* Problem to solve *
Pictures are to be omitted. Output only the lines from the one containing "The Ordinary维生素C粉VC粉抗氧化亮白提亮肤色去黄亮肤20g" through the end of the data, word for word.

* Data section *
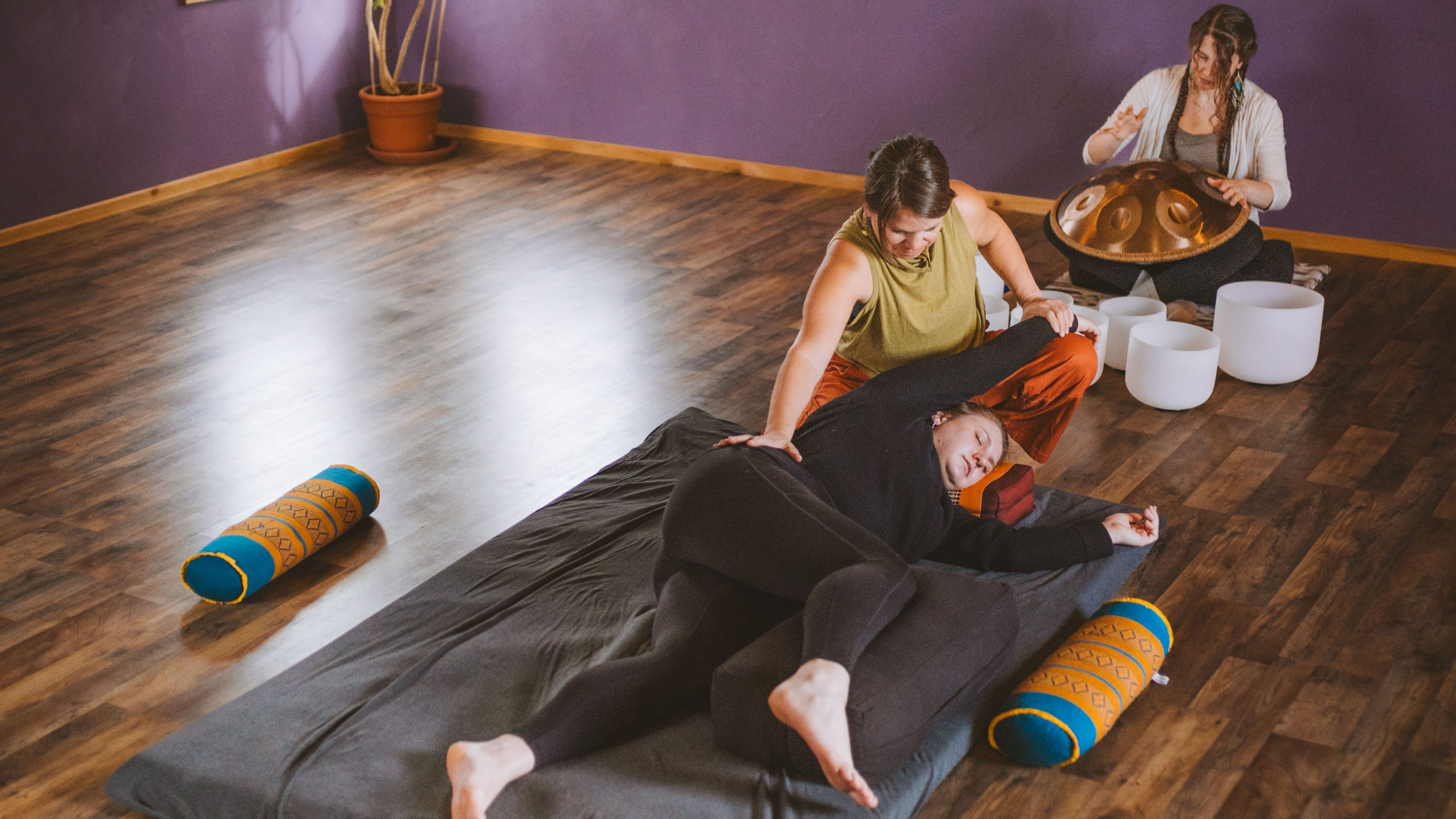 An immersive private experience combining personalized Thai yoga massage from Sue Lattin with a vibrational sound bathing experience led by Eve Farwell.
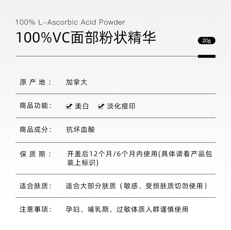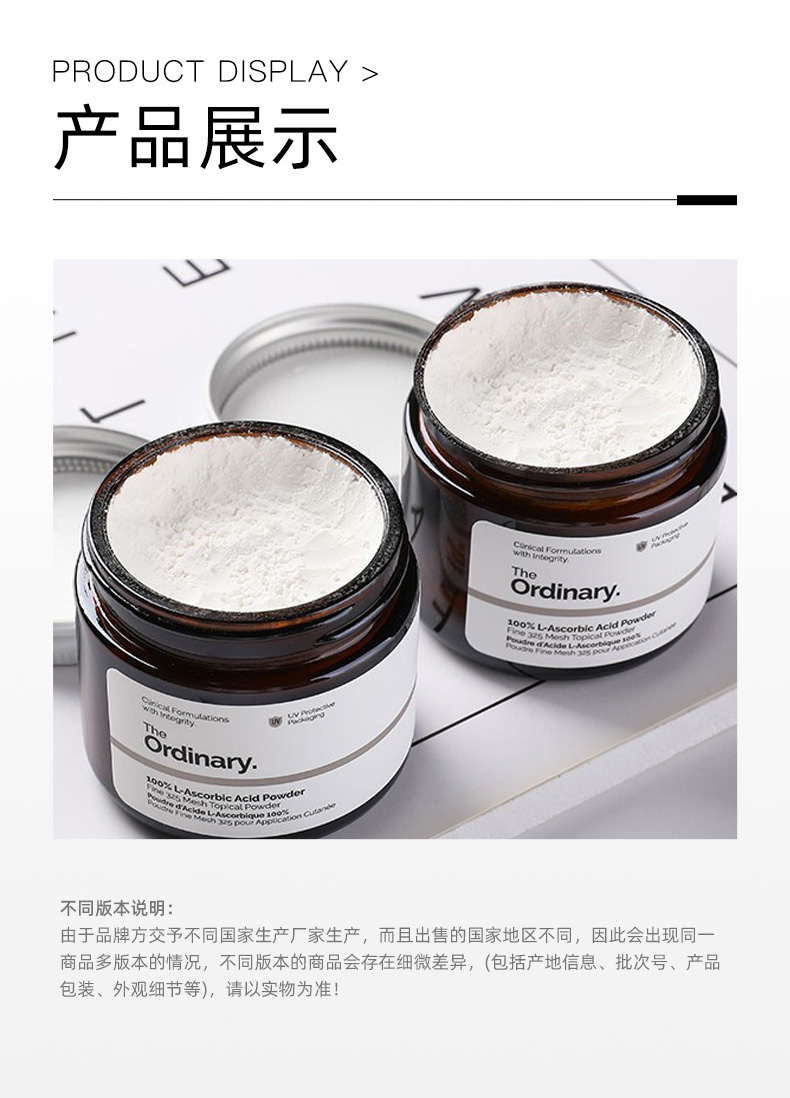 The Ordinary维生素C粉VC粉抗氧化亮白提亮肤色去黄亮肤20g
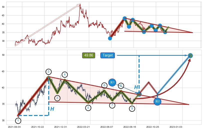 ➣ 最小中继整理涨幅→𝐇: 23.09 (𝐇旗杆的长度:旗杆起点→顶点)

* Completed task *
 The Ordinary维生素C粉VC粉抗氧化亮白提亮肤色去黄亮肤20g
 ➣ 最小中继整理涨幅→𝐇: 23.09 (𝐇旗杆的长度:旗杆起点→顶点)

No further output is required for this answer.